OptimizationAdvanced

Workflow Optimization

Parallel Agents & Token Reduction

Workflow Optimization

Running Agents in Parallel

Sequential execution is safe but slow. For independent tasks, parallel execution dramatically reduces total latency.

Pattern: Map-Reduce

  1. Map: Spawn $N$ agents, each handling a subset of the work (e.g., processing 10 files each).
  2. Wait: Aggregator waits for all promises to resolve.
  3. Reduce: Combine the results into a final report.
const results = await Promise.all(
  files.map(file => runAgent(file))
);

Reducing Token Consumption

Large contexts = high cost + slower inference.

1. Context Pruning

Don't dump the entire codebase into the prompt.

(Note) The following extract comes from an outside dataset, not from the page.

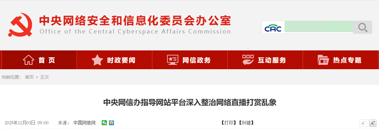 香港中通社12月3日電 據中共中央網絡安全和信息化委員會辦公室(中央網信辦)12月3日消息,“清朗·整治網絡直播打賞亂象”專項行動啟動一個月以來,中央網信辦指導督促網站平台,緊盯低俗團播引誘打賞、虛假人設誘騙打賞、誘導未成年人打賞和刺激用戶非理性打賞等突出問題,持續加大清理處置力度,完善打賞規則和管理制度,規範直播打賞營利行為。

  • Use grep or cscope to find relevant lines.
  • Use SKILL.md (summaries) instead of full implementation files during the planning phase.

2. Incremental Summarization

If a conversation gets too long:

  1. Ask the model to summarize the progress.
  2. Flush the history.
  3. Inject the summary as the new "system prompt" context.

3. Specific Output Formats

Ask for JSON or concise bullet points. Verbose prose wastes output tokens.

Caching

Cache tool outputs. If an agent asks for git status twice in 5 seconds, serves the cached result to save time and API calls.